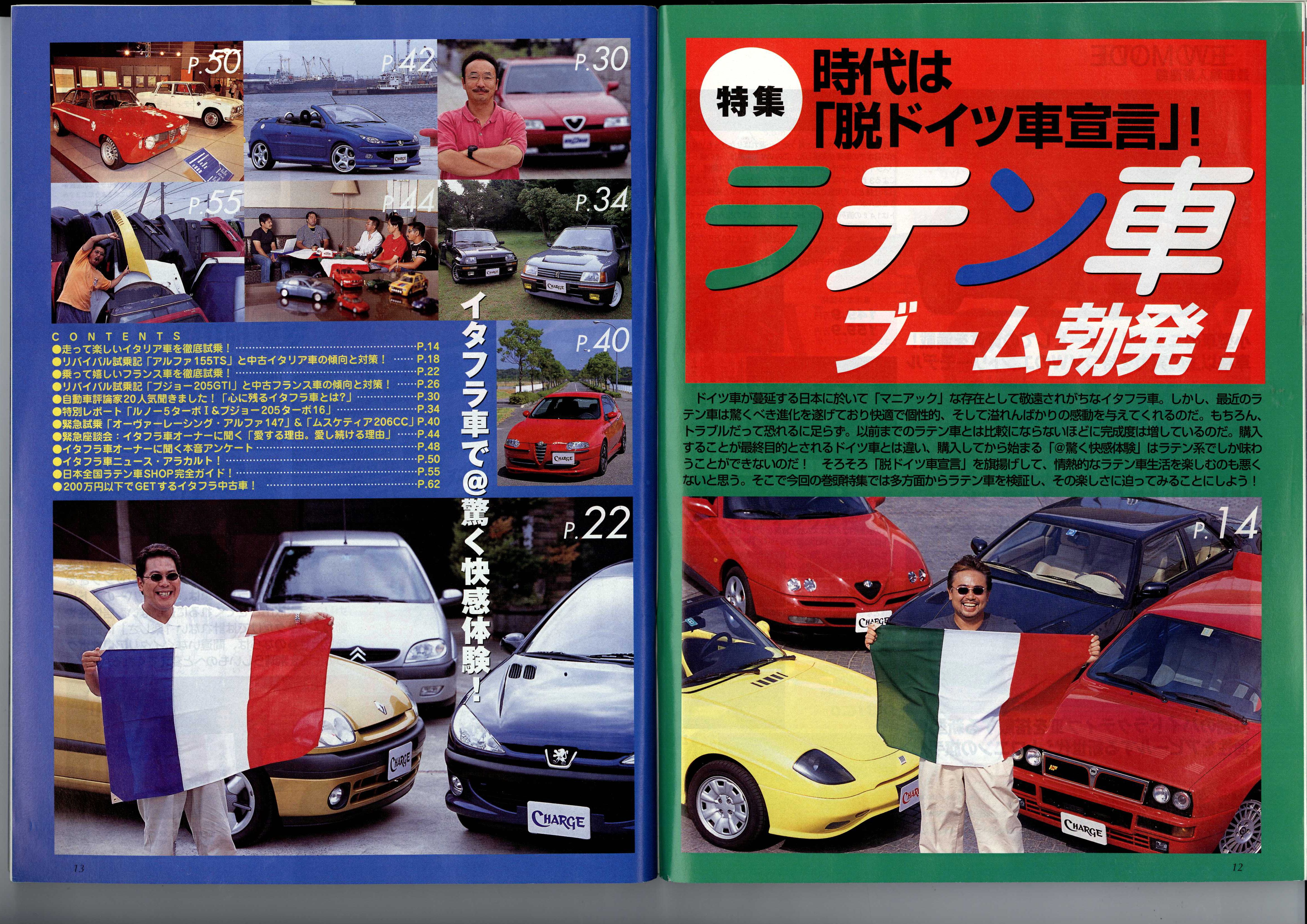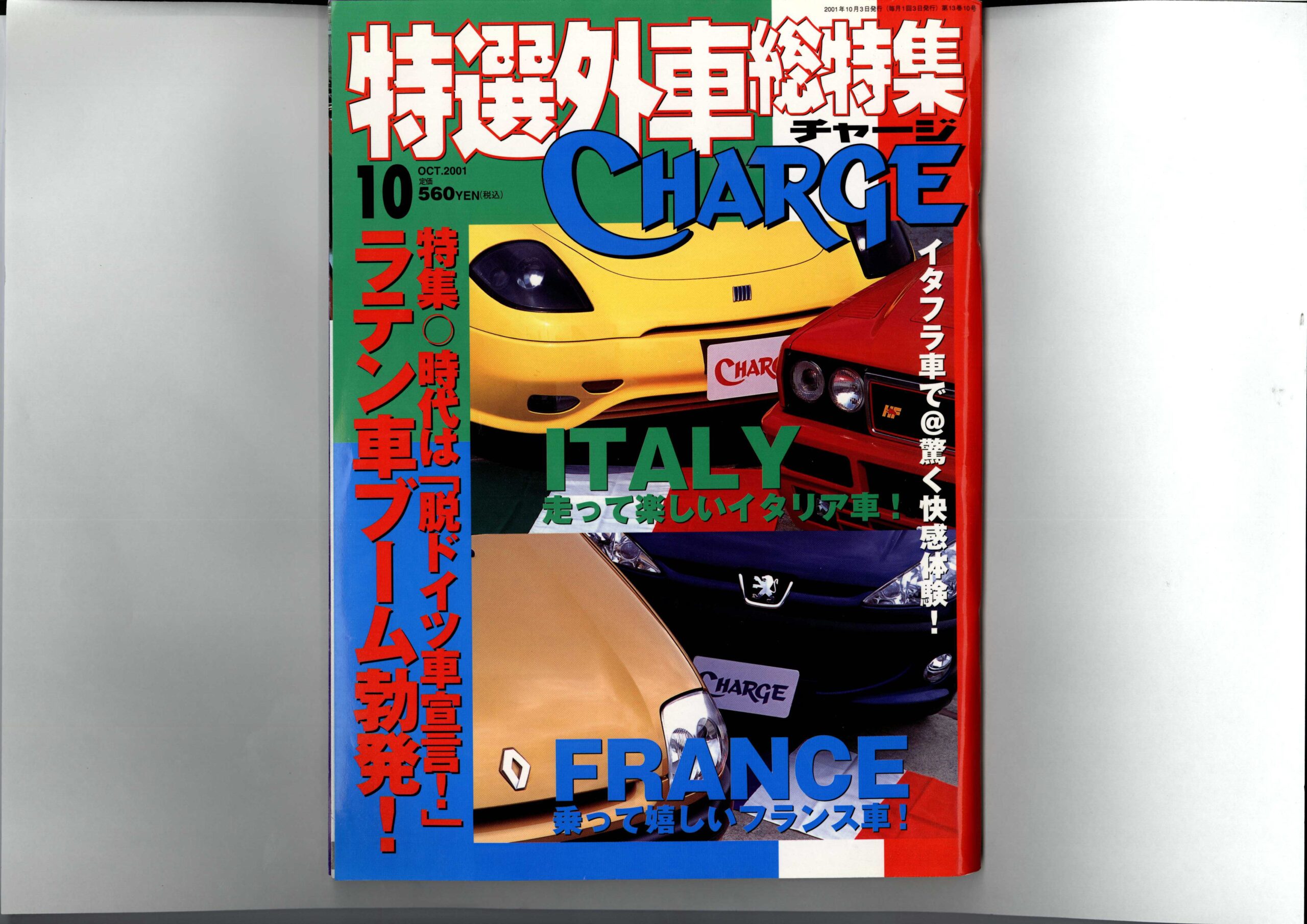 特選外車総特集CHARGEにて弊社商品車・EVOⅡ特集!! 特選外車総特集CHARGE 2001年10号 12p~17p 「ラテン車ブーム勃発!」のコーナーにて 弊社商品車・ランチアインテグラーレEVOⅡが 出演しております。
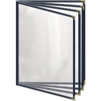 Present your menu offerings in style with this H. Risch, Inc. TE-10V Deluxe Sewn 8 1/2" x 14" blue 10 view vinyl menu cover with gold decorative corners and gloss finish! With a colorful leatherette trim, this menu cover promotes a professional appearance in any setting. Its five pockets accommodate ten 8 1/2" x 14" inserts, making it perfect for presenting your signature dishes, happy hour specials, wine lists, or dessert menus. Plus, if your menu changes frequently, the inserts can be removed and replaced within seconds.
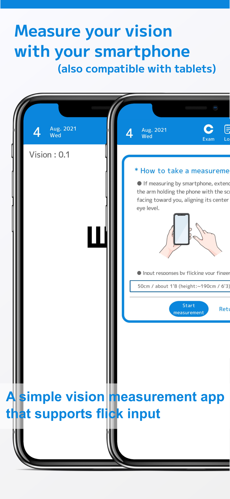 Unlike vision measurement apps where you input your response by tapping a button, this app uses flick input, allowing you to maintain a natural posture throughout the test even when measuring with a smartphone.
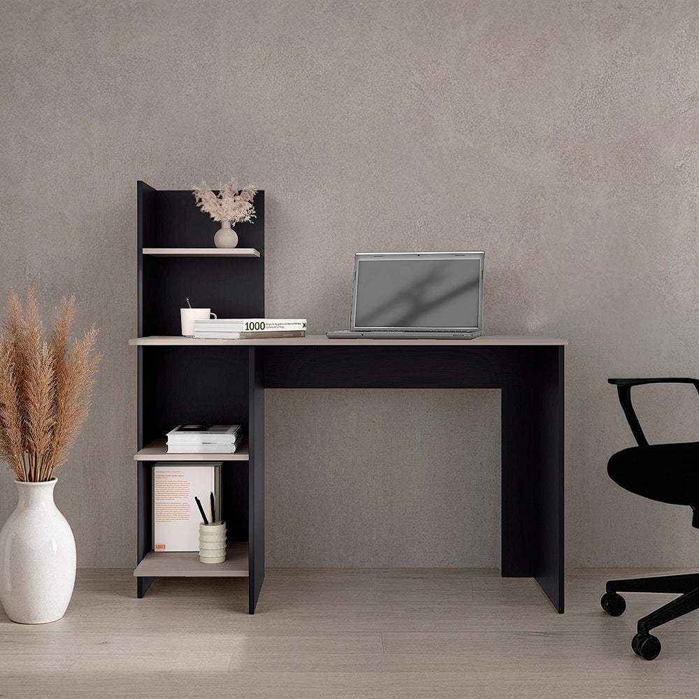 Escritorio, con amplia superficie de trabajo, entrepaños para ubicar libros y/o elementos decorativos, combinación de colores.

Work instruction: A word-for-word reprint of the listing above is needed, minus the pictures.

Expected answer:
 特選外車総特集CHARGEにて弊社商品車・EVOⅡ特集!! 特選外車総特集CHARGE 2001年10号 12p~17p 「ラテン車ブーム勃発!」のコーナーにて 弊社商品車・ランチアインテグラーレEVOⅡが 出演しております。
 Present your menu offerings in style with this H. Risch, Inc. TE-10V Deluxe Sewn 8 1/2" x 14" blue 10 view vinyl menu cover with gold decorative corners and gloss finish! With a colorful leatherette trim, this menu cover promotes a professional appearance in any setting. Its five pockets accommodate ten 8 1/2" x 14" inserts, making it perfect for presenting your signature dishes, happy hour specials, wine lists, or dessert menus. Plus, if your menu changes frequently, the inserts can be removed and replaced within seconds.
 Unlike vision measurement apps where you input your response by tapping a button, this app uses flick input, allowing you to maintain a natural posture throughout the test even when measuring with a smartphone.
 Escritorio, con amplia superficie de trabajo, entrepaños para ubicar libros y/o elementos decorativos, combinación de colores.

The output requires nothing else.